DELFINO DI BRUSCA – Già “delfino” del boss di San Giuseppe Jato – oggi pentito – Giovanni Brusca, “il veterinario” è stato condannato a tre ergastoli (uno per l’omicidio del piccolo Giuseppe Di Matteo), a 20 anni di reclusione per tentato omicidio e ad altre pene per associazione mafiosa. Durante la sua latitanza, nonostante il continuo controllo nei confronti della moglie, Raccuglia è riuscito a diventare padre per la seconda volta. Da tempo era considerato uno degli aspiranti al vertice della mafia palermitana come successore di Totò Riina, essendo il capo incontrastato delle cosche a Partinico, grosso centro fra il capoluogo e Trapani.

MARONI: ERA IL NUMERO DUE – «L’arresto di Raccuglia è uno dei colpi più duri inferti alle organizzazioni mafiose negli ultimi anni perché era di fatto il numero due di Cosa Nostra» ha commentato il ministro dell’interno Roberto Maroni, che ha telefonato al capo della Polizia Antonio Manganelli per congratularsi dell’operazione. A Maroni sono arrivate invece le congratulazioni del presidenti del Senato Schifani e della Camera Fini. «L’arresto del boss Raccuglia – si legge in una nota di Palazzo Madama – rappresenta un evento importantissimo e un’ulteriore vittoria dello Stato sulla criminalità organizzata». Fini parla di «un successo dello Stato e della democrazia che testimonia l’importanza di proseguire con determinazione nella lotta alla mafia e a ogni forma di criminalità organizzata».

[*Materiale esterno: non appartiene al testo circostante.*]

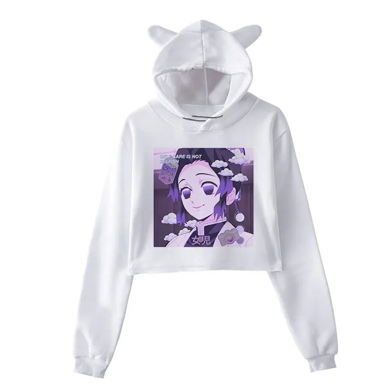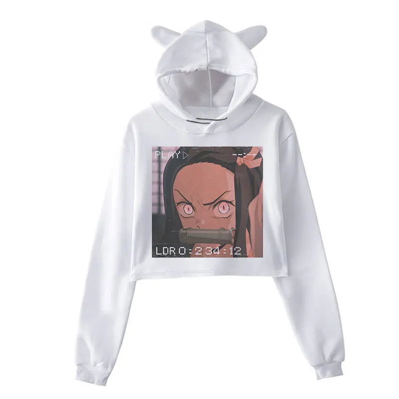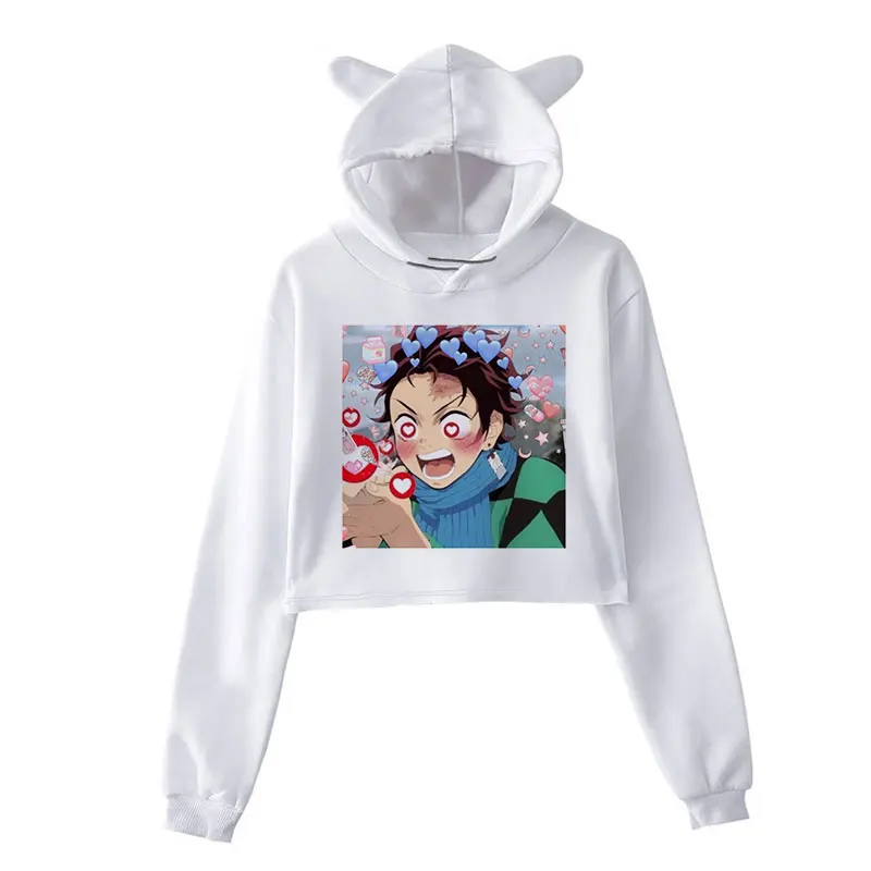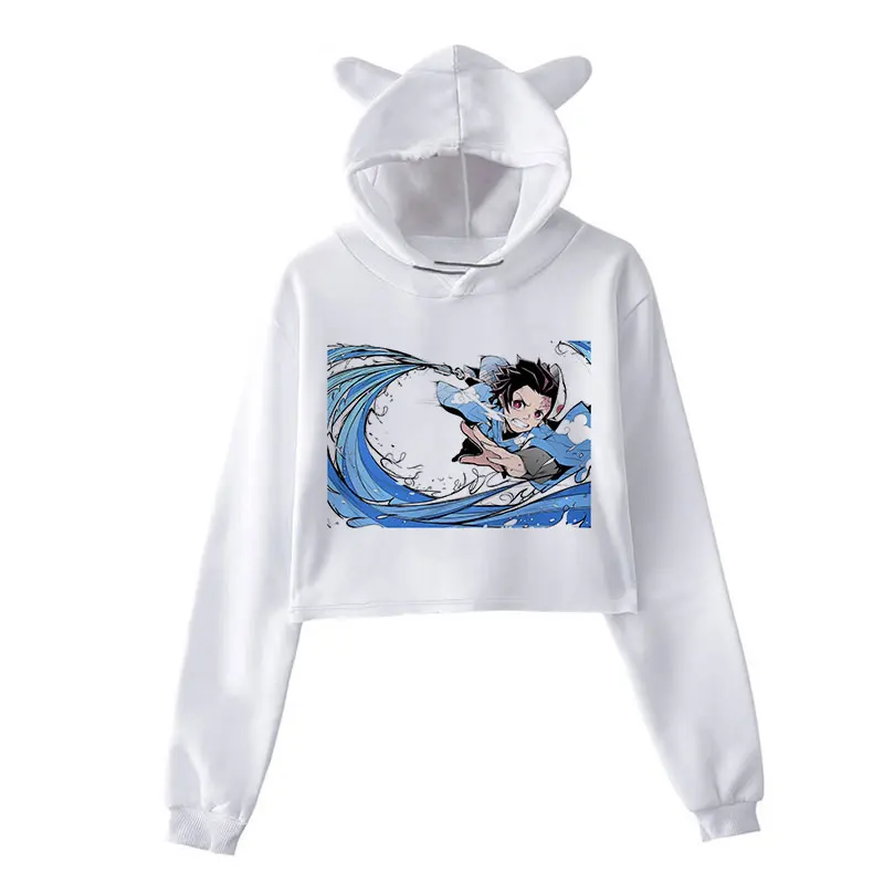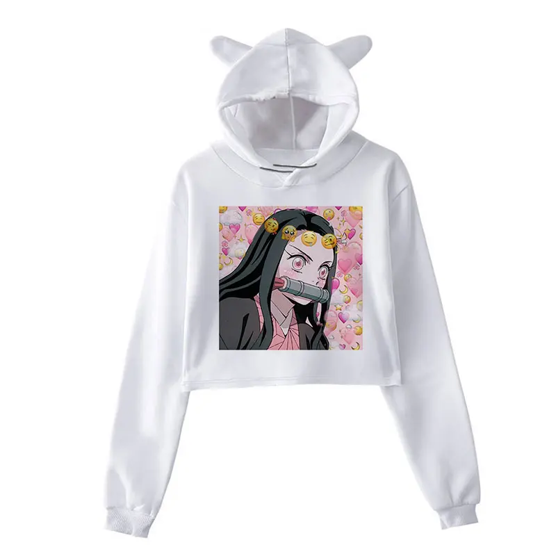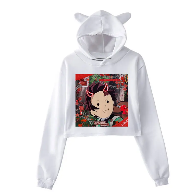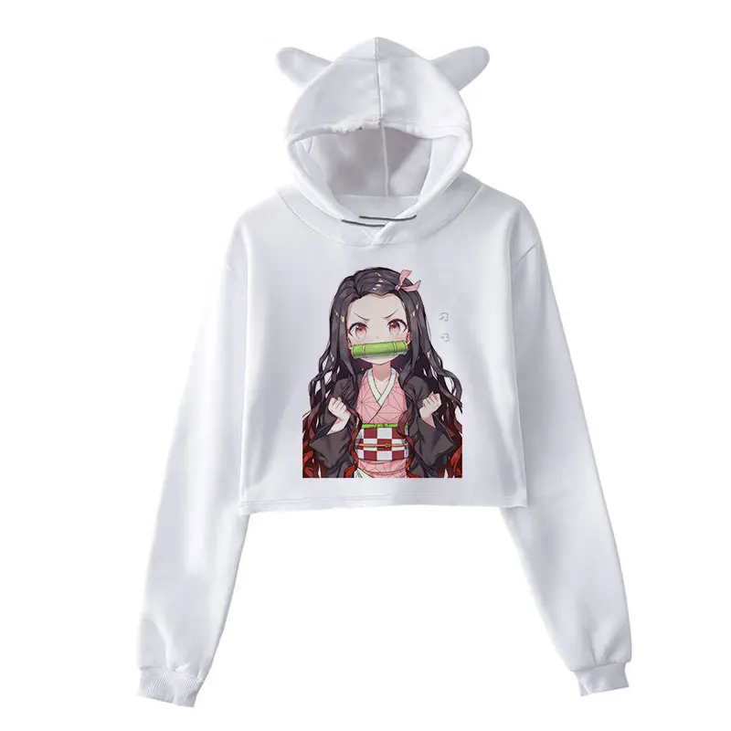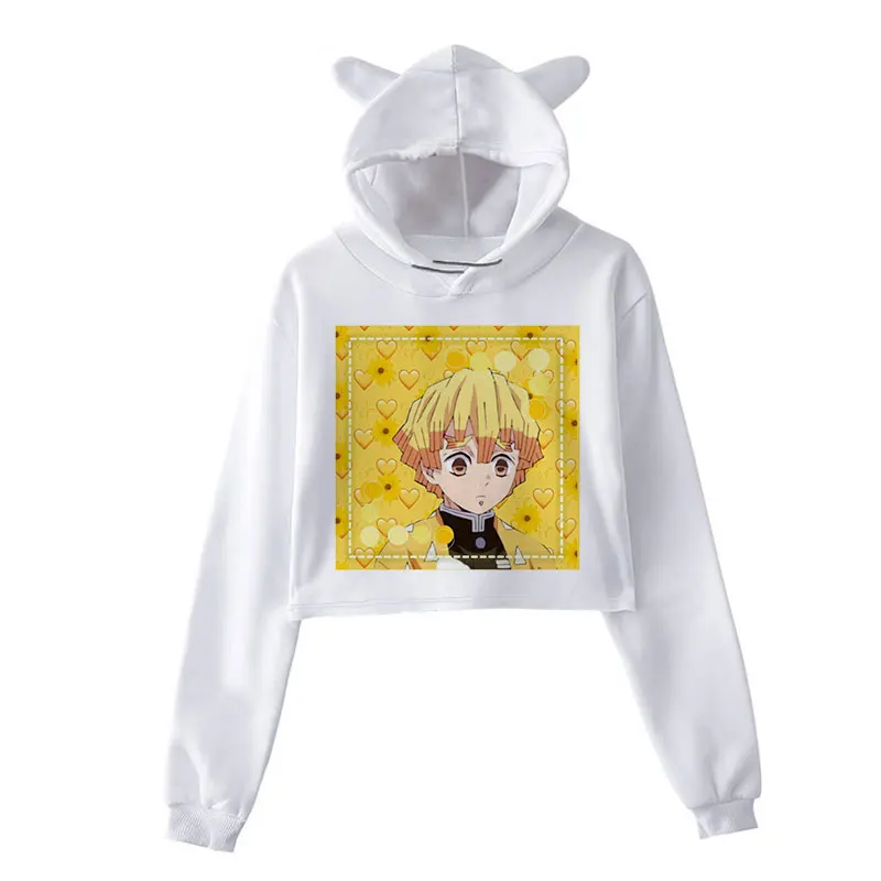 Милый Женский свитшот в стиле Харадзюку С Капюшоном, рассекающим демонов, зимний Женский свитшот No Yaiba, женский короткий топ с длинным рукавом

GRASSO: SUCCESSO IMPORTANTE – Per il procuratore nazionale antimafia Piero Grasso si tratta di un «successo investigativo importantissimo». «Ho fatto le mie congratulazioni al ministro Maroni, al questore di Palermo e ai ragazzi della sezione catturandi della mobile – ha detto -. Quando ho sentito il questore era insieme ad alcuni degli agenti della sezione catturandi, ragazzi che conosco bene e con cui ho lavorato quando ero procuratore a Palermo. Ho potuto complimentarmi anche con loro». «Raccuglia – spiega Grasso – è considerato il numero due, per peso criminale, nella lista dei ricercati di Cosa Nostra dopo Matteo Messina Denaro. In questi anni ha esteso il suo dominio da Altofonte fino al confine con la provincia di Trapani, come conferma il fatto che si nascondeva proprio nel Trapanese».

INGROIA: UN CAPO ASSOLUTO – Anche il procuratore aggiunto di Palermo Antonio Ingroia parla di un arresto di straordinaria importanza. «Abbiamo preso uno dei capi assoluti di Cosa Nostra ancora in circolazione in un momento di ascesa all’interno delle gerarchie mafiose – spiega -. È stata un’indagine molto difficile perché Raccuglia si è dimostrato attento e accorto nella gestione della sua latitanza e lo dimostra il fatto che l’arresto è avvenuto fuori dalla sua zona, in un’area più tranquilla». Secondo Ingroia, all’interno di Cosa Nostra «si crea adesso un ulteriore vuoto dove i latitanti di spicco sono sempre meno. Adesso assumono maggiore importanza Nicchi a Palermo e Messina Denaro a Trapani. Raccuglia era l’uomo cuscinetto che controllava i territori fra Palermo città e la provincia di Trapani».